:: Action item ::
Would you restate the full listing word for word and omit its pictures?

:: Material for this task ::
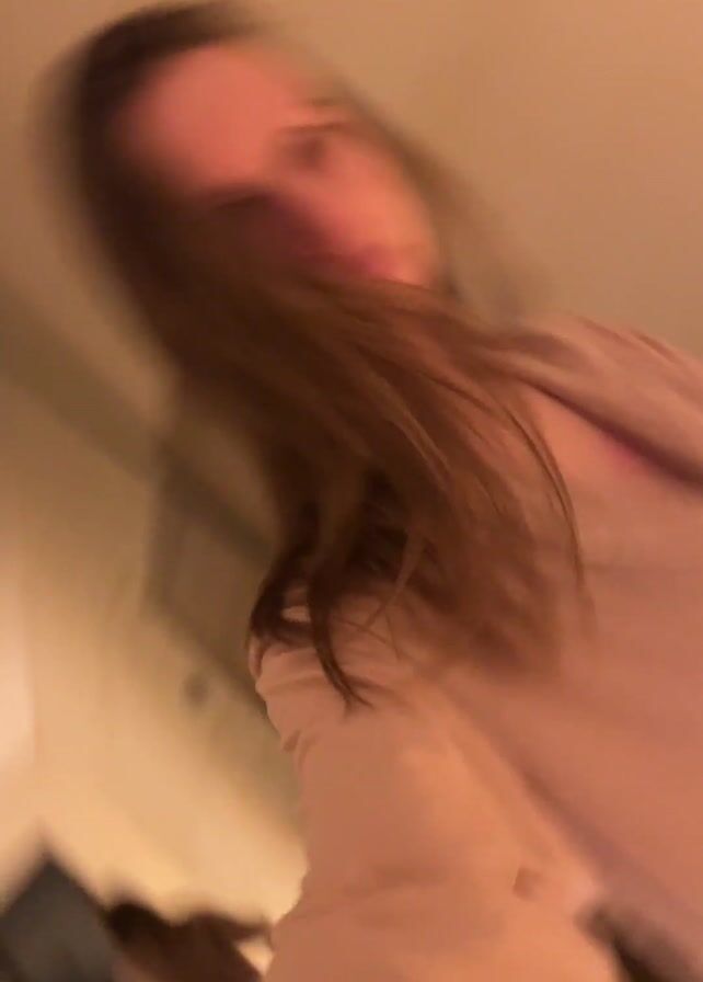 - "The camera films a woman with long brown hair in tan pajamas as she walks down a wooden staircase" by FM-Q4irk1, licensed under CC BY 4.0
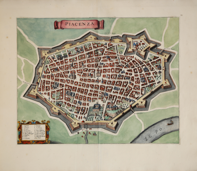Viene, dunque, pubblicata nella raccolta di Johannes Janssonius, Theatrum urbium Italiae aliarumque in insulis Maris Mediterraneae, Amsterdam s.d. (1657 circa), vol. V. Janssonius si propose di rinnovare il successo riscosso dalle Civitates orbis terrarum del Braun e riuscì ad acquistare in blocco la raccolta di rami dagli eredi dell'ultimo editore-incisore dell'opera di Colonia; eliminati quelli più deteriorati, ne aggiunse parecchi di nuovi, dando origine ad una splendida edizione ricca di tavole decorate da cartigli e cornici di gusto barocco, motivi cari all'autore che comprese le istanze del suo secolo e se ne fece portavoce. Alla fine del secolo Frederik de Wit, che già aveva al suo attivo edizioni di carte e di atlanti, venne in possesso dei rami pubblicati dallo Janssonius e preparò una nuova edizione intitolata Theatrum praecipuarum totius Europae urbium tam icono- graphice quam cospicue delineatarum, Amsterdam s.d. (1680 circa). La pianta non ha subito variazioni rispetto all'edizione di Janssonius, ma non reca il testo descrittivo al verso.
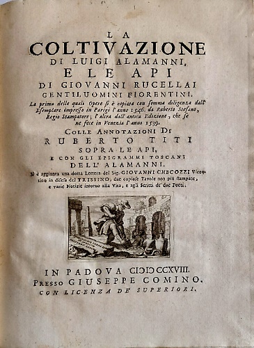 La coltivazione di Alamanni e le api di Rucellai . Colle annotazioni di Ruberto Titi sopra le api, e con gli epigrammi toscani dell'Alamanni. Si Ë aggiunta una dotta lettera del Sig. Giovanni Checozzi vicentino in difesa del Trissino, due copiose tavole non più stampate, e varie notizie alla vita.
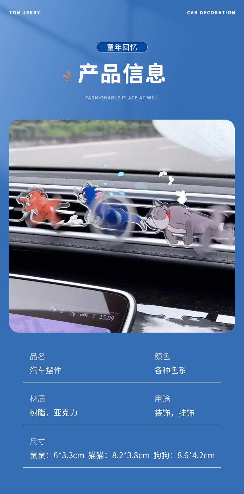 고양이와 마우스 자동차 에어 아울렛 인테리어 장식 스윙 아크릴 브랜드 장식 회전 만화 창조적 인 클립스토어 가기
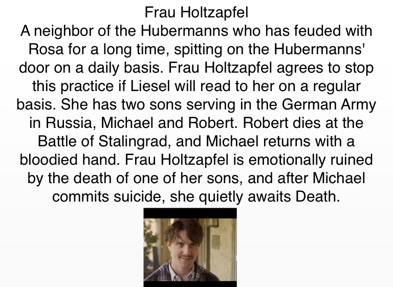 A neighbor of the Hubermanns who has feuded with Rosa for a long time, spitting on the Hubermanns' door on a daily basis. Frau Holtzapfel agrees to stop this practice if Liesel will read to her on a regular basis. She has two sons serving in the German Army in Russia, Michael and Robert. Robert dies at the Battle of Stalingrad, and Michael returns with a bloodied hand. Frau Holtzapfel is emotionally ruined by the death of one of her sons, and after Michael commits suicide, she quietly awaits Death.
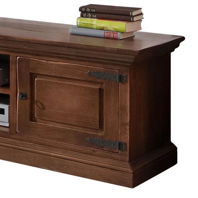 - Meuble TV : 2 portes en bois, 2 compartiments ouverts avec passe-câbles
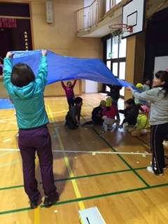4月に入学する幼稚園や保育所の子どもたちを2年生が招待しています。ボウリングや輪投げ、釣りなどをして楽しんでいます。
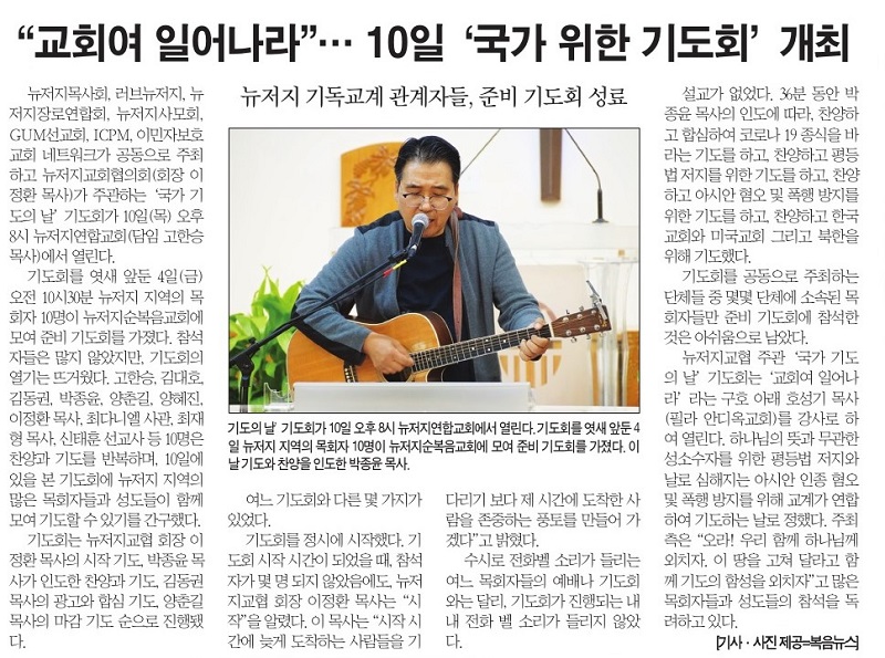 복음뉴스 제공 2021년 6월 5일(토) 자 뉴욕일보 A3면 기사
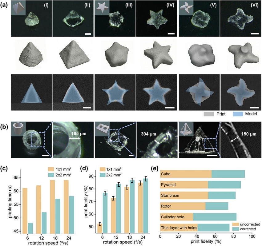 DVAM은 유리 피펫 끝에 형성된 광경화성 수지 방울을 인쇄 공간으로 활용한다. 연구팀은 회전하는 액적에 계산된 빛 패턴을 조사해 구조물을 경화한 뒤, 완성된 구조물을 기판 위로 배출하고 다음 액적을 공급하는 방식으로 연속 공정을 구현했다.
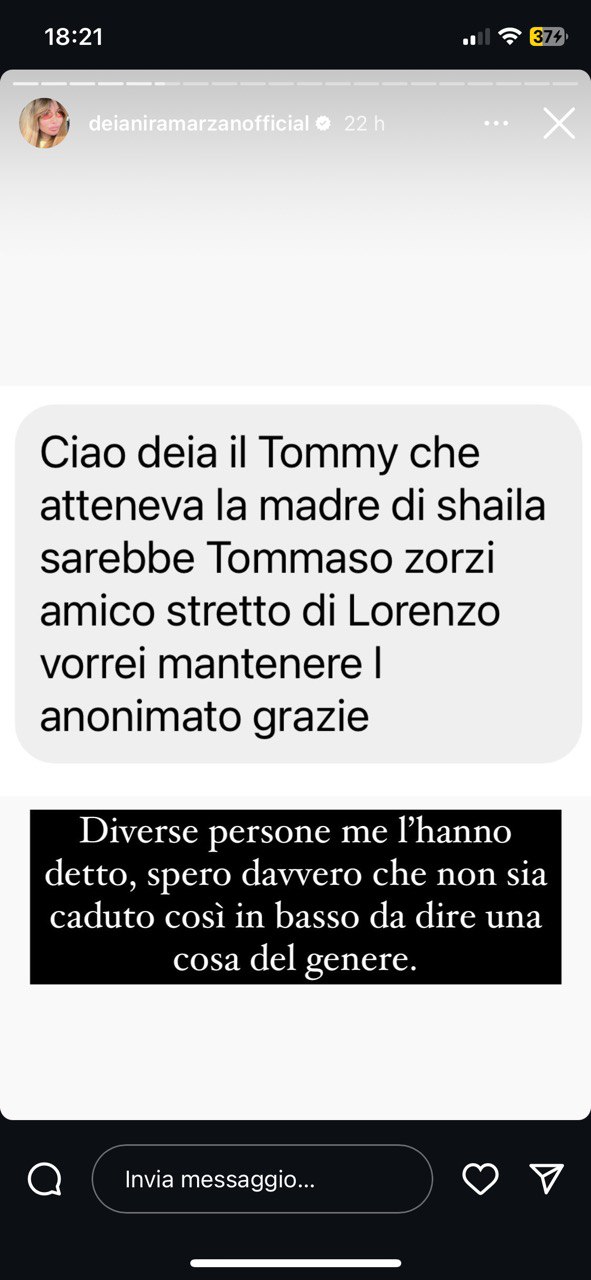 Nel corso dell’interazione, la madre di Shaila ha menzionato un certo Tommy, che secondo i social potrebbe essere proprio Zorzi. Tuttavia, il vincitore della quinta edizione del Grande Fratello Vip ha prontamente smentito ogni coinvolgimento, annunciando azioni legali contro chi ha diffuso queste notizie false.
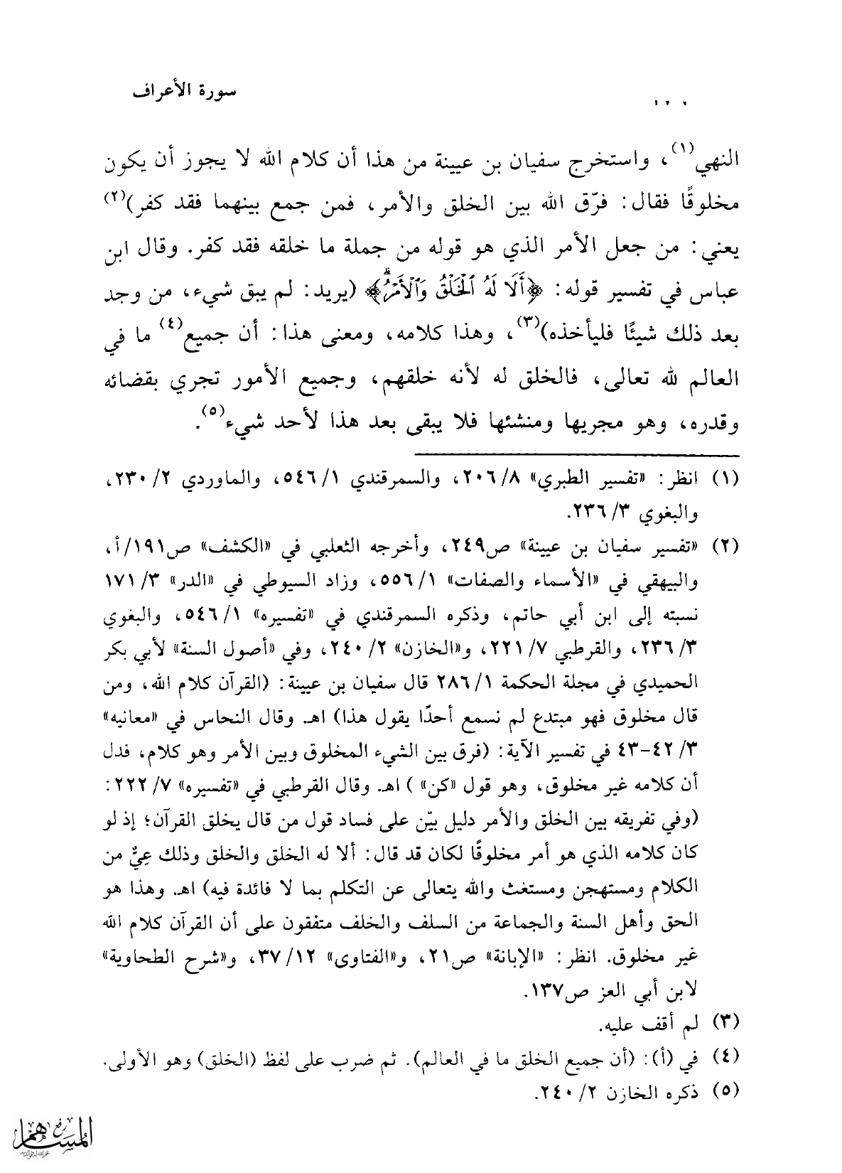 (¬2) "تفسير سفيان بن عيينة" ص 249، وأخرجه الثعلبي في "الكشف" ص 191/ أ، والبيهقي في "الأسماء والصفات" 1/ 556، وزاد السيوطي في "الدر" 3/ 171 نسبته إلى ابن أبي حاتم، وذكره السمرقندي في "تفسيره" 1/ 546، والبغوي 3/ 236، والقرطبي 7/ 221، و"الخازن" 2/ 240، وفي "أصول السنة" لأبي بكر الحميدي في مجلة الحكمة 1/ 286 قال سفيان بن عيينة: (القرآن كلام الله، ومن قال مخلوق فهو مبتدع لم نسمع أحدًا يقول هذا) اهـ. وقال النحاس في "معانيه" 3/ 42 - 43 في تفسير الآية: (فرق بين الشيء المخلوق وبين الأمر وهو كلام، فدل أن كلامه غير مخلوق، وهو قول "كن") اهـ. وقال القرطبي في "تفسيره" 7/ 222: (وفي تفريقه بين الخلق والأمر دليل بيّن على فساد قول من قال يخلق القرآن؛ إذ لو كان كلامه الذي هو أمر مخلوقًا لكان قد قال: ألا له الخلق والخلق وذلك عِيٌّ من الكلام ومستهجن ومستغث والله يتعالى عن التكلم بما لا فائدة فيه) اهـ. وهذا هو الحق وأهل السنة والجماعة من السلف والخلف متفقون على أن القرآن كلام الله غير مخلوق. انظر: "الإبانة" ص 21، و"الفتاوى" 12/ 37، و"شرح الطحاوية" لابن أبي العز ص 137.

:: Output of the task ::
 - "The camera films a woman with long brown hair in tan pajamas as she walks down a wooden staircase" by FM-Q4irk1, licensed under CC BY 4.0
Viene, dunque, pubblicata nella raccolta di Johannes Janssonius, Theatrum urbium Italiae aliarumque in insulis Maris Mediterraneae, Amsterdam s.d. (1657 circa), vol. V. Janssonius si propose di rinnovare il successo riscosso dalle Civitates orbis terrarum del Braun e riuscì ad acquistare in blocco la raccolta di rami dagli eredi dell'ultimo editore-incisore dell'opera di Colonia; eliminati quelli più deteriorati, ne aggiunse parecchi di nuovi, dando origine ad una splendida edizione ricca di tavole decorate da cartigli e cornici di gusto barocco, motivi cari all'autore che comprese le istanze del suo secolo e se ne fece portavoce. Alla fine del secolo Frederik de Wit, che già aveva al suo attivo edizioni di carte e di atlanti, venne in possesso dei rami pubblicati dallo Janssonius e preparò una nuova edizione intitolata Theatrum praecipuarum totius Europae urbium tam icono- graphice quam cospicue delineatarum, Amsterdam s.d. (1680 circa). La pianta non ha subito variazioni rispetto all'edizione di Janssonius, ma non reca il testo descrittivo al verso.
 La coltivazione di Alamanni e le api di Rucellai . Colle annotazioni di Ruberto Titi sopra le api, e con gli epigrammi toscani dell'Alamanni. Si Ë aggiunta una dotta lettera del Sig. Giovanni Checozzi vicentino in difesa del Trissino, due copiose tavole non più stampate, e varie notizie alla vita.
 고양이와 마우스 자동차 에어 아울렛 인테리어 장식 스윙 아크릴 브랜드 장식 회전 만화 창조적 인 클립스토어 가기
 A neighbor of the Hubermanns who has feuded with Rosa for a long time, spitting on the Hubermanns' door on a daily basis. Frau Holtzapfel agrees to stop this practice if Liesel will read to her on a regular basis. She has two sons serving in the German Army in Russia, Michael and Robert. Robert dies at the Battle of Stalingrad, and Michael returns with a bloodied hand. Frau Holtzapfel is emotionally ruined by the death of one of her sons, and after Michael commits suicide, she quietly awaits Death.
 - Meuble TV : 2 portes en bois, 2 compartiments ouverts avec passe-câbles
4月に入学する幼稚園や保育所の子どもたちを2年生が招待しています。ボウリングや輪投げ、釣りなどをして楽しんでいます。
 복음뉴스 제공 2021년 6월 5일(토) 자 뉴욕일보 A3면 기사
 DVAM은 유리 피펫 끝에 형성된 광경화성 수지 방울을 인쇄 공간으로 활용한다. 연구팀은 회전하는 액적에 계산된 빛 패턴을 조사해 구조물을 경화한 뒤, 완성된 구조물을 기판 위로 배출하고 다음 액적을 공급하는 방식으로 연속 공정을 구현했다.
 Nel corso dell’interazione, la madre di Shaila ha menzionato un certo Tommy, che secondo i social potrebbe essere proprio Zorzi. Tuttavia, il vincitore della quinta edizione del Grande Fratello Vip ha prontamente smentito ogni coinvolgimento, annunciando azioni legali contro chi ha diffuso queste notizie false.
 (¬2) "تفسير سفيان بن عيينة" ص 249، وأخرجه الثعلبي في "الكشف" ص 191/ أ، والبيهقي في "الأسماء والصفات" 1/ 556، وزاد السيوطي في "الدر" 3/ 171 نسبته إلى ابن أبي حاتم، وذكره السمرقندي في "تفسيره" 1/ 546، والبغوي 3/ 236، والقرطبي 7/ 221، و"الخازن" 2/ 240، وفي "أصول السنة" لأبي بكر الحميدي في مجلة الحكمة 1/ 286 قال سفيان بن عيينة: (القرآن كلام الله، ومن قال مخلوق فهو مبتدع لم نسمع أحدًا يقول هذا) اهـ. وقال النحاس في "معانيه" 3/ 42 - 43 في تفسير الآية: (فرق بين الشيء المخلوق وبين الأمر وهو كلام، فدل أن كلامه غير مخلوق، وهو قول "كن") اهـ. وقال القرطبي في "تفسيره" 7/ 222: (وفي تفريقه بين الخلق والأمر دليل بيّن على فساد قول من قال يخلق القرآن؛ إذ لو كان كلامه الذي هو أمر مخلوقًا لكان قد قال: ألا له الخلق والخلق وذلك عِيٌّ من الكلام ومستهجن ومستغث والله يتعالى عن التكلم بما لا فائدة فيه) اهـ. وهذا هو الحق وأهل السنة والجماعة من السلف والخلف متفقون على أن القرآن كلام الله غير مخلوق. انظر: "الإبانة" ص 21، و"الفتاوى" 12/ 37، و"شرح الطحاوية" لابن أبي العز ص 137.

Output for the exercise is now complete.